In an embodiment, creating the MOI with respect to power usage of an application associated with the respective network slice may comprise detecting, by the network entity (106), the event as a power event for the application, identifying, by the network entity (106), an object corresponding to the power event, wherein the object is associated with the application, classifying, by the network entity (106), the power event as a training cycle based on predefined categories of training cycle and the object corresponding to the power event, by comparing a value the power event with a predefined threshold associated with the power event, and transmitting, by the network entity (106), learnings corresponding to the classification of the power event, to the respective NSMF units (102).

According to embodiments, a network entity (106) for facilitating federated learning in a decentralized network slicing environment, the network entity (106) may comprise a processor. The network entity (106) may comprise memory storing processor-executable instructions. The processor-executable instructions may cause the processor to receive a request for creating a Managed Object Instance (MOI) for federated learning for the network slice, from the respective NSMF units (102). The processor-executable instructions may cause the processor to transmit a request for creating a Managed Object Instance (MOI) for performance metrics associated with a learning model of the respective network slice based on the received request, to the respective network slice, wherein a response with respect to the MOI for performance metrics is transmitted to the respective network entity (106). The processor-executable instructions may cause the processor to create the MOI for the federated learning for each of the one or more network slices (104), based on the response associated with the corresponding MOI for performance metrics, wherein an indication of the creation of the MOI for the federated learning is transmitted to the respective NSMF units (102). The processor-executable instructions may cause the processor to receive a request for creating an MOI of an Information Object Classes (IOC) for a subscription of the federated learning for the respective network slices (104), based on the indication, from the respective NSMF units (102), wherein the MOI for subscription of the federated learning is created based on the request. The processor-executable instructions may cause the processor to send a response for the federated learning based on the subscription to the respective NSMF unit (102) for facilitating federated learning, when an event with respect to the associated performance metric is identified.

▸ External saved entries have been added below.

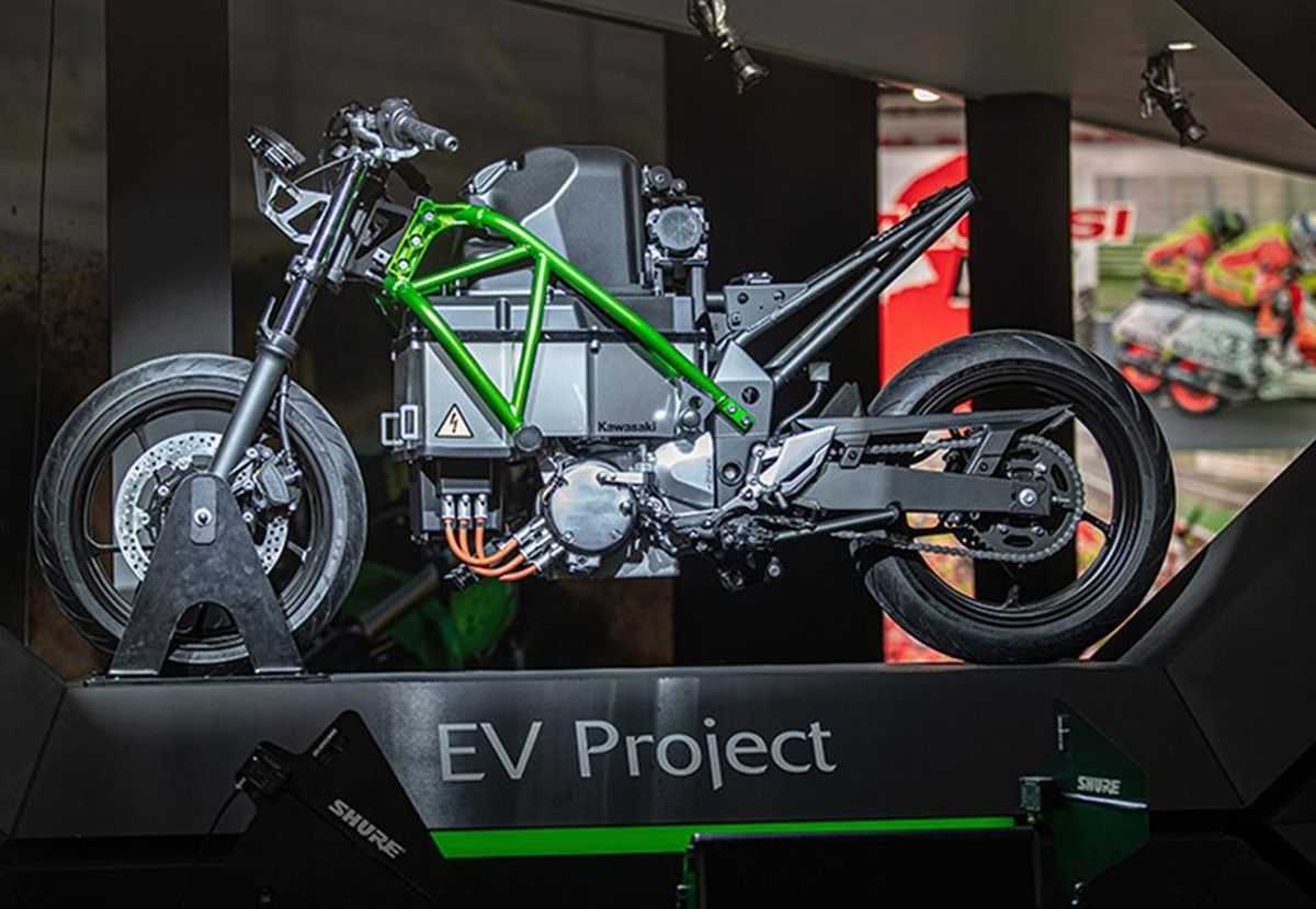 Kawasaki EV Project. Первый электромотоцикл улично-спортивного класса внешне напоминает Ninja 650 и обещает 100 км. пробега на полной зарядке. Здесь установлена механическая коробка передач, которая обеспечит хорошую управляемость и отзывчивость байка на действия пилота. Еще одна новинка, к которой причастен бренд Kawasaki – Bimota Tesi H2 2020. Купив часть акций итальянской компании, концерн поучаствовал в создании нового гипербайка.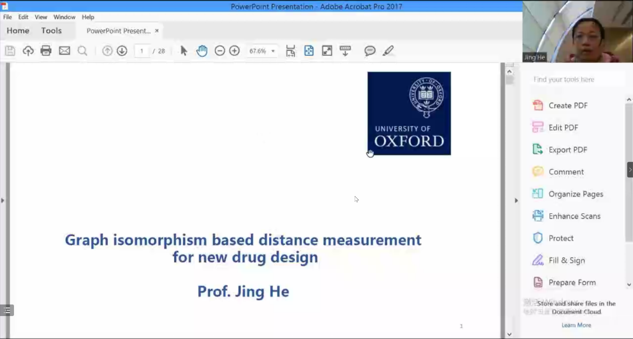 来自太阳成城集团tyc234cc古天乐的何静教授做了题为《A New Drug Design Method based on Structural Distance Measurement》的主题报告,首先介绍将基于图同构的拓扑距离测量应用于新药设计研究思路,然后提出面向图分析的具有表征能力距离度量,最后系统地从几何和语义角度分别对比图之间的相似度和距离,以及新度量在药物设计方面的作用。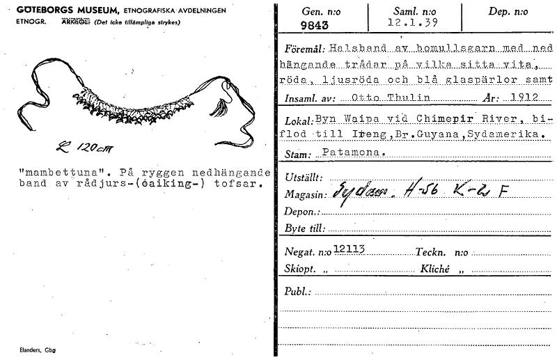 GOTEBORGS MUSEUM, ETNOGRAFISKA AVDELNINGEN ETNOGR. (Det icke tillämpliga strykas) "mambettuna". På ryggen nedhängande band av Tådjurs-(ciaiking-) tofsar. Elandars, Gbg Gen. mo 9843 Saml. n:o 12.1.391 w Dep. o Föremål. fisiBbend av bom.uljs,7arn med ned hAwqnde trådar nA vilka fittasvita, röda, ljusröda och blå glaspärlor samt hisaml. av: Otta _Ihul in Är: .1U2 Lokal: Byn Waioa vid Chimepir River, bi- flod till Iteng,Br.Guyana,Sydamerika. Stam: Patamona. Utställt: Magasin: el:~ ,i4,r6 4 F Depon.: Byte till: Negat. n:o12113 Teckn. wo . Skiopt. „ Kliché . AM. [ocr]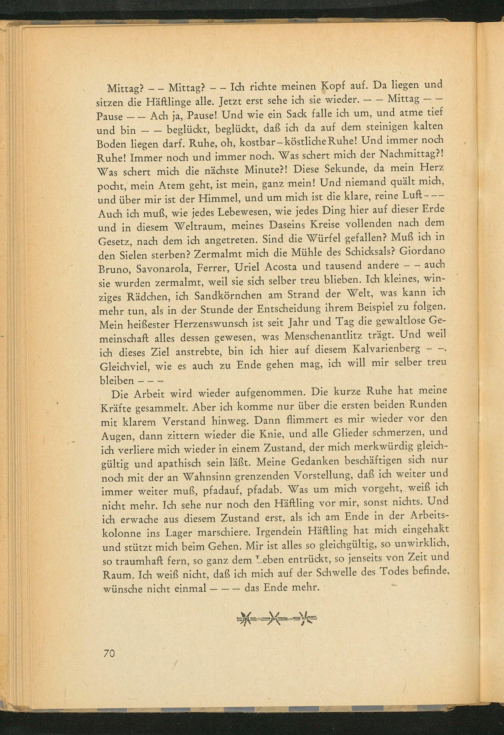 Mittag?-- Mittag? Ich richte meinen Kopf auf. Da liegen und sitzen die Häftlinge alle. Jetzt erst sehe ich sie wieder.-- Mittag- Pause Ach ja, Pause! Und wie ein Sack falle ich um, und atme tief und bin beglückt, beglückt, daß ich da auf dem steinigen kalten Boden liegen darf. Ruhe, oh, kostbar- köstliche Ruhe! Und immer noch Ruhe! Immer noch und immer noch. Was schert mich der Nachmittag?! Was schert mich die nächste Minute?! Diese Sekunde, da mein Herz pocht, mein Atem geht, ist mein, ganz mein! Und niemand quält mich, und über mir ist der Himmel, und um mich ist die klare, reine Luft--Auch ich muß, wie jedes Lebewesen, wie jedes Ding hier auf dieser Erde und in diesem Weltraum, meines Daseins Kreise vollenden nach dem Gesetz, nach dem ich angetreten. Sind die Würfel gefallen? Muß ich in den Sielen sterben? Zermalmt mich die Mühle des Schicksals? Giordano Bruno, Savonarola, Ferrer, Uriel Acosta und tausend andere-- auch sie wurden zermalmt, weil sie sich selber treu blieben. Ich kleines, winziges Rädchen, ich Sandkörnchen am Strand der Welt, was kann ich mehr tun, als in der Stunde der Entscheidung ihrem Beispiel zu folgen. Mein heißester Herzenswunsch ist seit Jahr und Tag die gewaltlose Gemeinschaft alles dessen gewesen, was Menschenantlitz trägt. Und weil ich dieses Ziel anstrebte, bin ich hier auf diesem Kalvarienberg--. Gleichviel, wie es auch zu Ende gehen mag, ich will mir selber treu bleiben-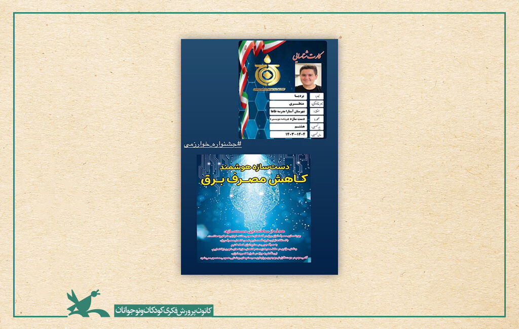 روند ارایه و انتخاب طرح خلاقانه «کاهنده مصرف برق» این عضو کانون پرورش فکری کودکان و نوجوانان استان گیلان تا ۶ مرداد ۱۴۰۴ ادامه‌ یافت و با کسب عنوان نخست بخش منطقه‌ای و مقام دوم استانی جشنواره علمی خوارزمی از سوی بردیا منظری همراه‌ شد.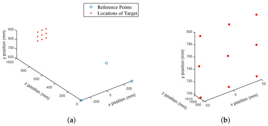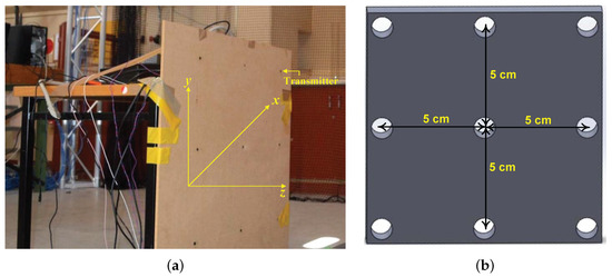 The configurations of the reference points and targets are shown in Figure 5a,b respectively. In Figure 5a although 9 transmitters (reference points) are visible, only the side ones in the middle row and central one in the top row were used. Piezotite MA40S4S and MA40S4R US devices, which centre frequency is around at 40 kHz, were used as transmitters and receivers respectively. According to the procedure described in Section 4, three orthogonal chirp waveforms were generated. As for the simulation, all the waveforms were generated from a 35–45 kHz/5 ms chirp signal.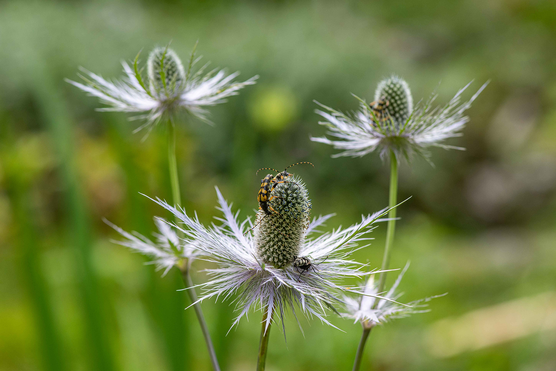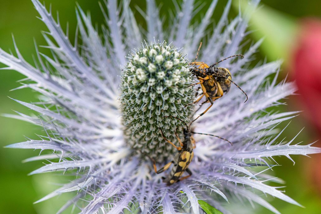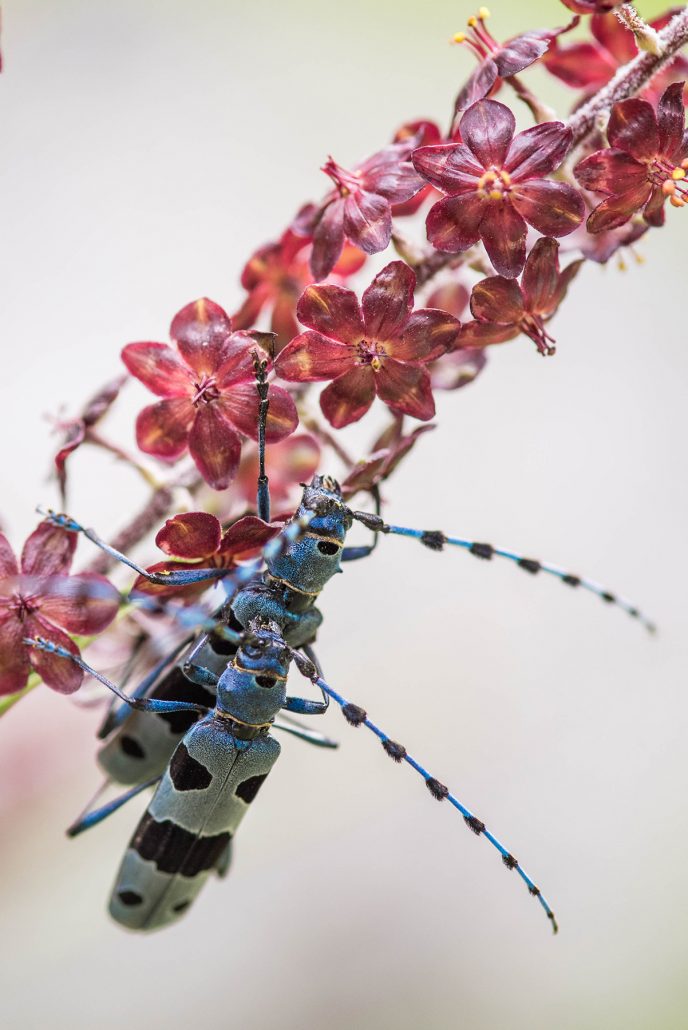 Barvita paleta rastlin v vrt privablja tudi številne žuželke, npr. alpskega kozlička. Foto: David Kunc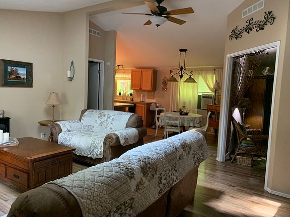 Newly added huge deck. Flower beds just added. A shop sits on the property. Covered car port with a tool shed. Very desirable location. Manufactures home for SALE....with LAND LEASE ON THIS PROPERTY Well maintained home in Big Valley Woods which is one of a kind park! This home is on a huge lot with tons of parking. An Over sized garage, Carport and an addition parking spot on the side. Carport will fit two cars, and more space behind for guests. Large home with three bedrooms and a den, open and spacious kitchen with separate dinning room, new skylights, and plenty of cupboard space for all kitchen needs. Large family room with windows that bring in plenty of sunshine into your home. All bedrooms are large sized with lots of space for storage. Out your back door you have a long deck that opens onto your beautiful outdoor bar, where you will enjoy endless summer nights entertaining family and friends. There is a large shed under the carport for additional storage. This space is beautiful and very well maintained. It is inviting and feels like home when you walk in. This home is 1352 sq ft. Which offers much space for a large family. This park also offers club house, basketball court, ponds, creek and more. It is a piece of paradise out in the woods away from all the hustle and bustle of the city. You will enjoy hours in a peaceful serene setting that will be yours for years to come. Space rent is $840 per month, includes water, sewer and garbage! Buyers to take on resale compliance from the park and replace roof.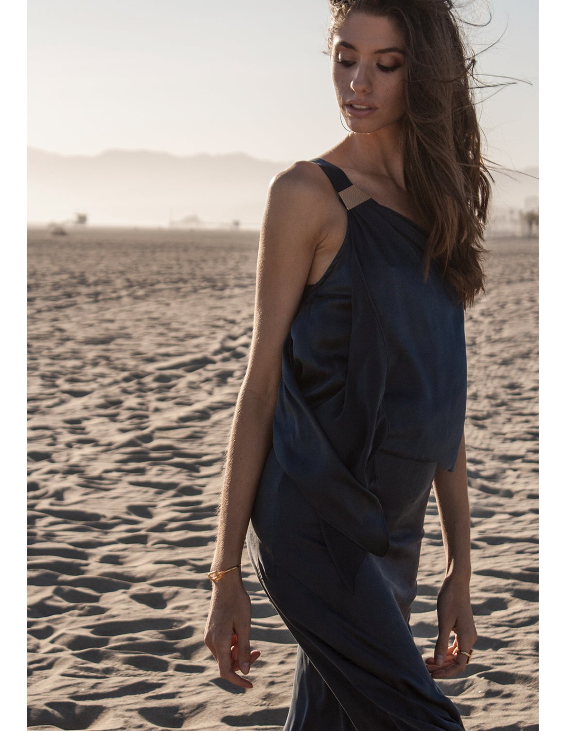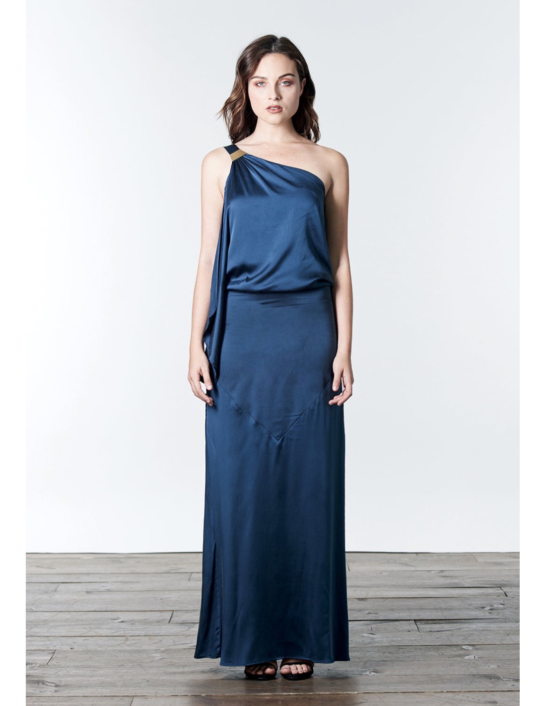 Este vestido largo de satén elástico, con detalles drapeados en la falda, con escote asimétrico y detalle dorado en el tirante que aporta un toque original, será un acierto. Un vestido cómodo y sencillo, perfecto para cualquier ocasión especial, e incluso para novias civiles, como segundo vestido o para una pedida.

In an embodiment, the performance metrics may comprise MOI attributes may comprise threshold, type of event, one or more objects associated with the event and classification of the event.

In an embodiment, the processor may be configured to create the MOI for performance metrics by identifying Key Performance Indicators (KPIs) corresponding to an application associated with respective network slices (104), determining a threshold for each of the KPIs, determining the event performed on the application and an object associated with the application, and classifying a result of the event based on the KPIs, the threshold, the event performed on the application and the object, to create the MOI for performance metrices corresponding to the application.

In an embodiment, the subscription of the federated learning may comprise subscription attributes comprising: a subscription ID, subscriber ID, type of federated learning, frequency of subscription, a subscription threshold value, type of the learning model, an end time for sending response to subscription of federated learning request, predefined parameters associated with the subscription, subscription start time and subscription end time.

In an embodiment, the processor may be configured to create the MOI for the subscription of the federated learning by evaluating validity of attributes associated with the subscription of the federated learning, based on the request received for creating the subscription of the federated learning, and sending the response for the federated learning based on the subscription to the respective NSMF units (102) along with a subscription ID, based on the evaluation.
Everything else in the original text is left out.